### Brief
Take the material below and extract the lines from the one with "Chinese Foreign Minister" through the one with "開平市2012年度第十一批次城鎮(zhèn)建設用地的批復", word for word, without pictures.

### Records for the task

- Opening Delimiter -

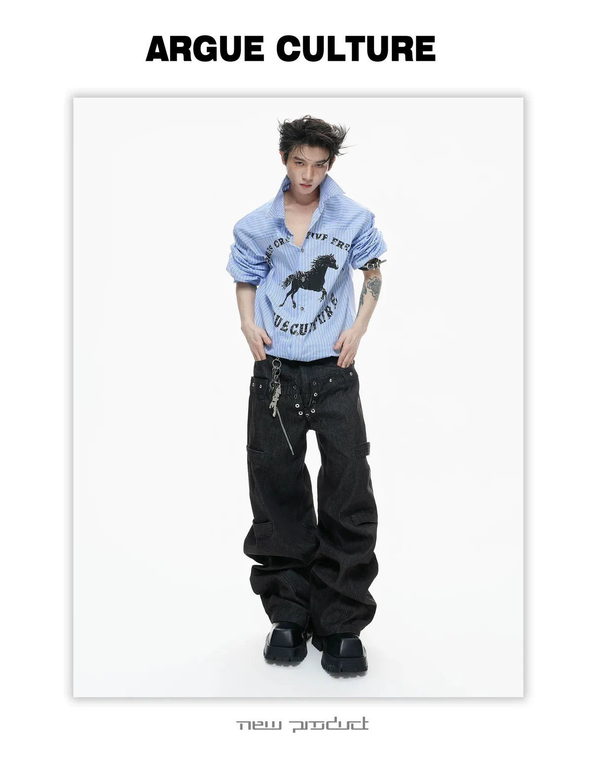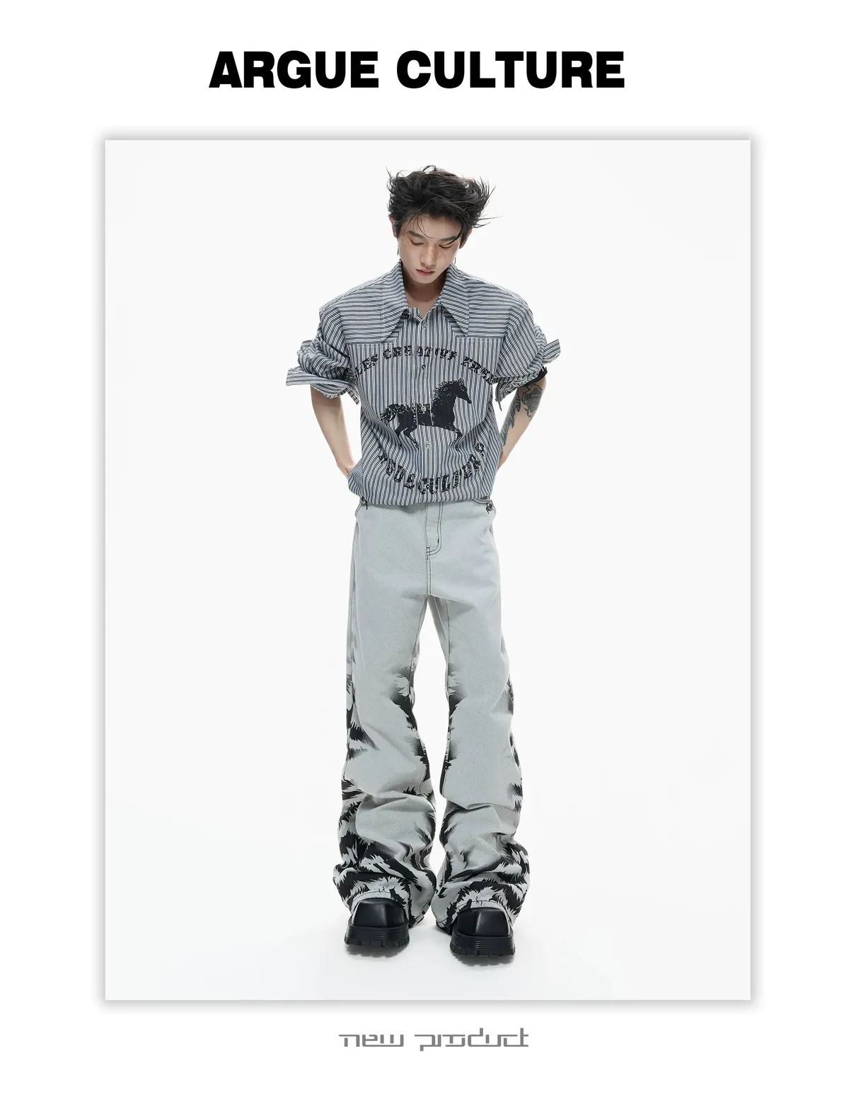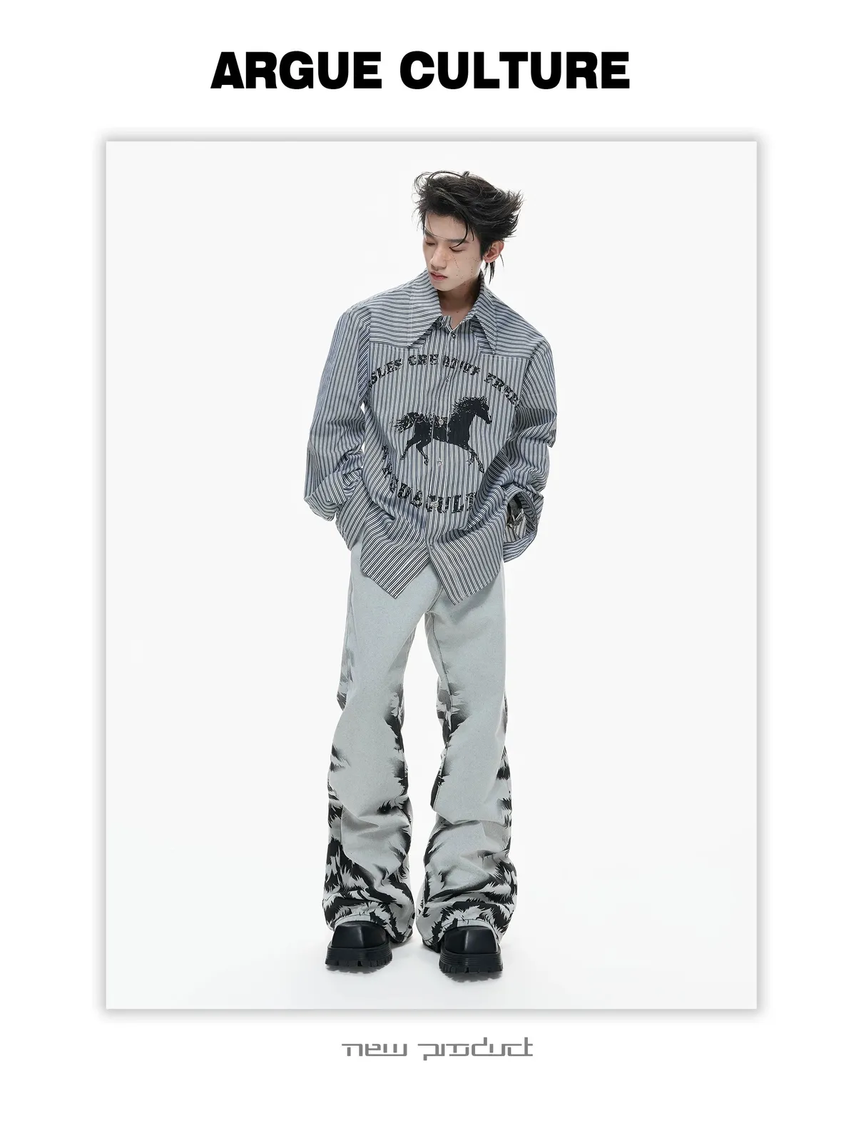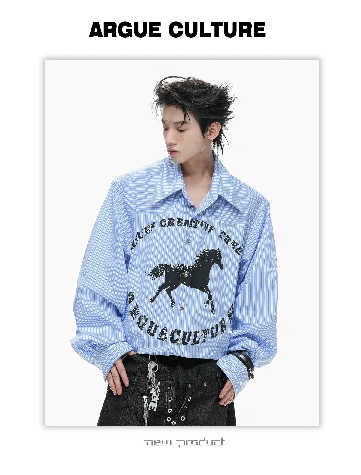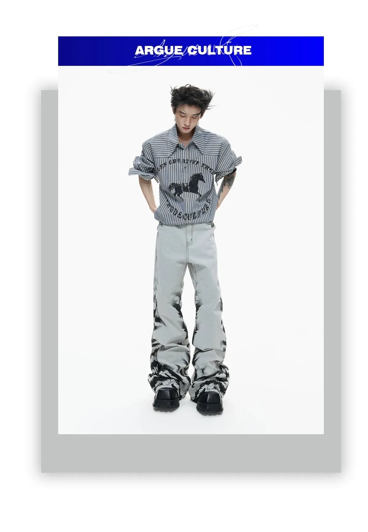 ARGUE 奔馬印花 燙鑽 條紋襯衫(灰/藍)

- Closing Delimiter -
- Opening Delimiter -

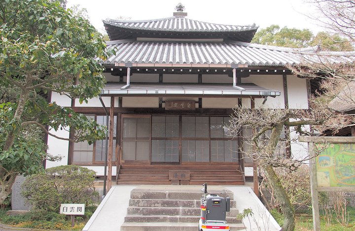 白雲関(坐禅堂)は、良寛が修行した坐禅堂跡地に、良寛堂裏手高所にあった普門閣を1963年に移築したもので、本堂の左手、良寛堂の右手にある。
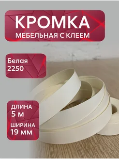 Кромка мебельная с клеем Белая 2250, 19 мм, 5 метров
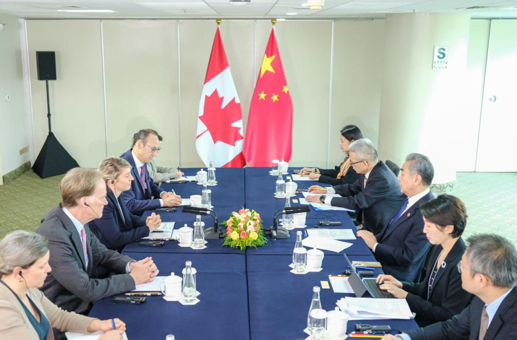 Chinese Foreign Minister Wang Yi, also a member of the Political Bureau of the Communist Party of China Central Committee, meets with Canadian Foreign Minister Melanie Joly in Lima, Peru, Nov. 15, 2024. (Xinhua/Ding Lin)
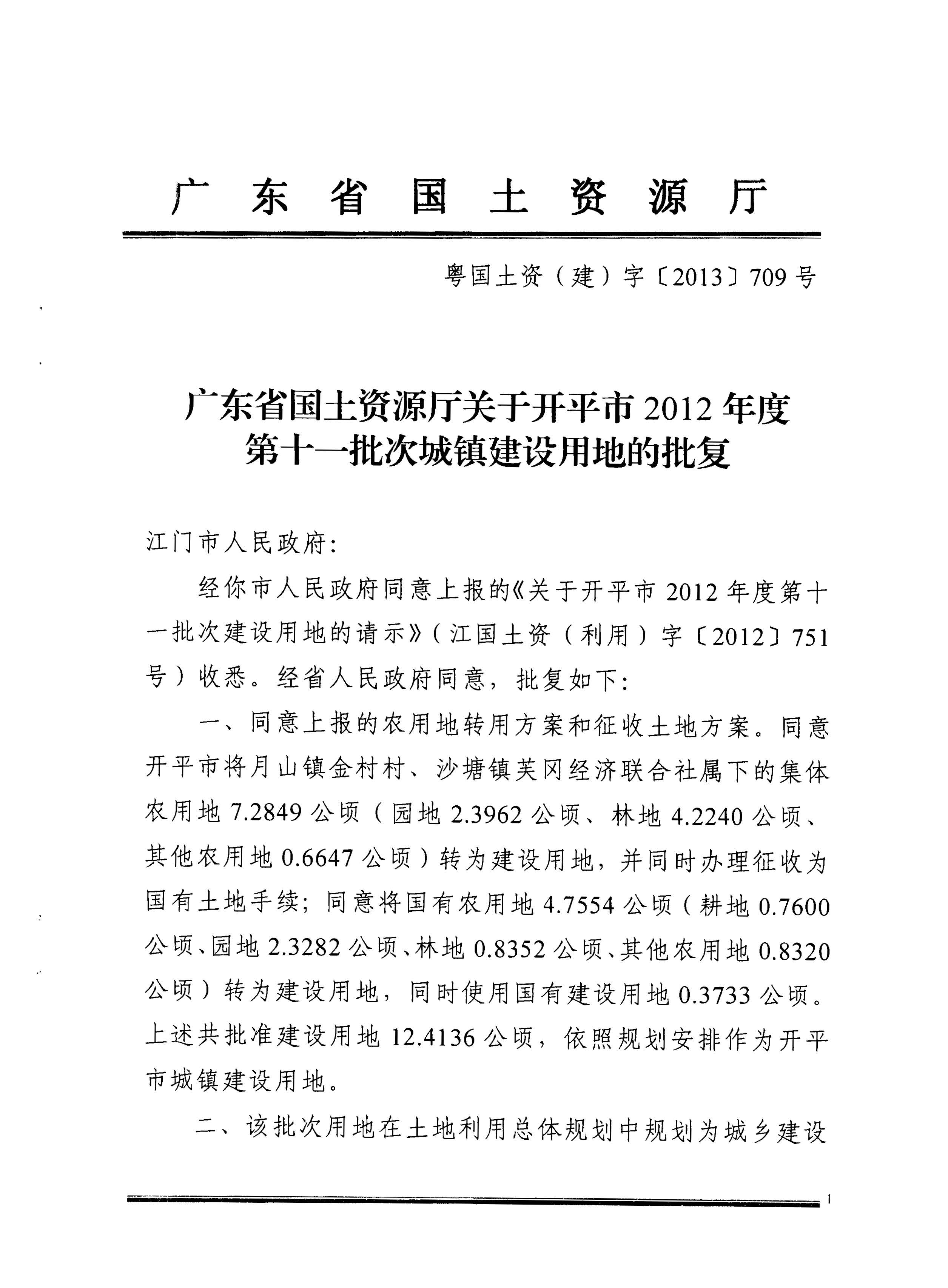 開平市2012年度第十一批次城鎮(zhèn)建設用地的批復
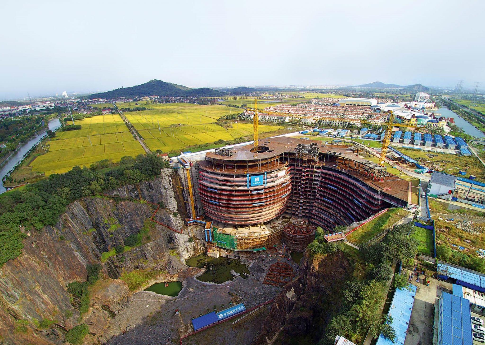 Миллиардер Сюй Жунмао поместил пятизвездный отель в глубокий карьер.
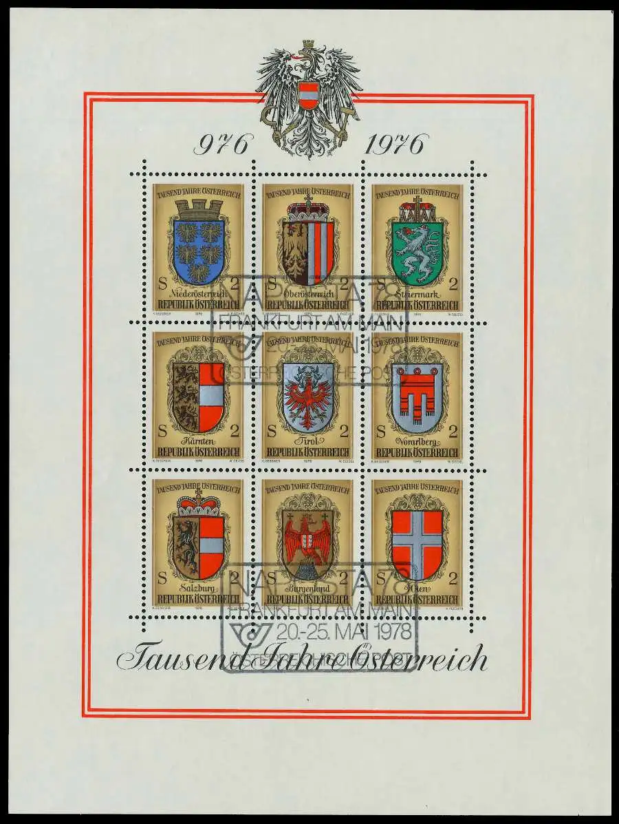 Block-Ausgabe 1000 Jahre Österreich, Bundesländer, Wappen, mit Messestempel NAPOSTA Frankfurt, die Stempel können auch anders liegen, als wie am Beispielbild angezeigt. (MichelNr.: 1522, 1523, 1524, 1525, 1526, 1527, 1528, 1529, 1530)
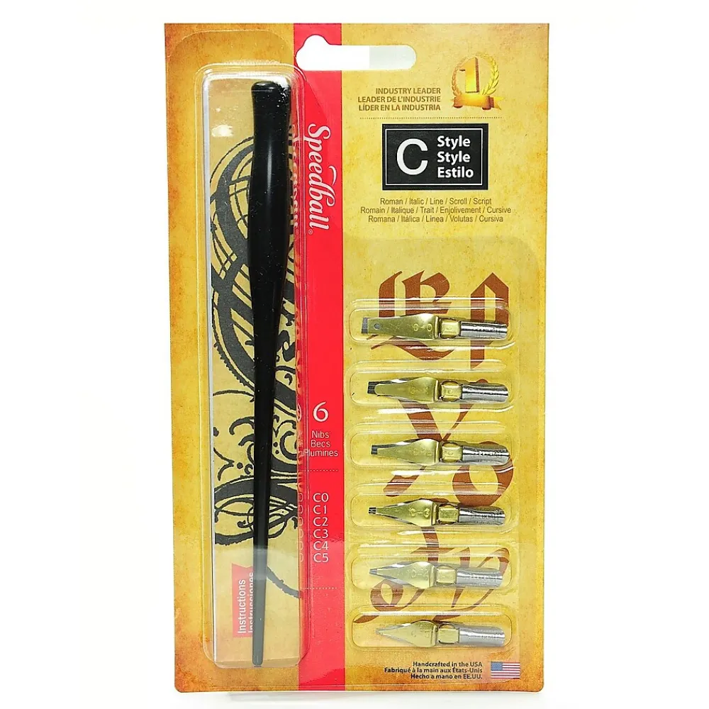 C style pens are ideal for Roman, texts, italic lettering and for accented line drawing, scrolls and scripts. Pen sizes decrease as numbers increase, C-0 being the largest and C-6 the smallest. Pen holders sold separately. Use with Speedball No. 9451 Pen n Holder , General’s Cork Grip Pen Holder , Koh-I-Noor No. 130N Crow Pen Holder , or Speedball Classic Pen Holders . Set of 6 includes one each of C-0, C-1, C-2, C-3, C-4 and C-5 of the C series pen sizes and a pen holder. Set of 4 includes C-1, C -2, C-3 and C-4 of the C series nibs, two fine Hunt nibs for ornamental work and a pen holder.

- Closing Delimiter -

### Answer section
 Chinese Foreign Minister Wang Yi, also a member of the Political Bureau of the Communist Party of China Central Committee, meets with Canadian Foreign Minister Melanie Joly in Lima, Peru, Nov. 15, 2024. (Xinhua/Ding Lin)
 開平市2012年度第十一批次城鎮(zhèn)建設用地的批復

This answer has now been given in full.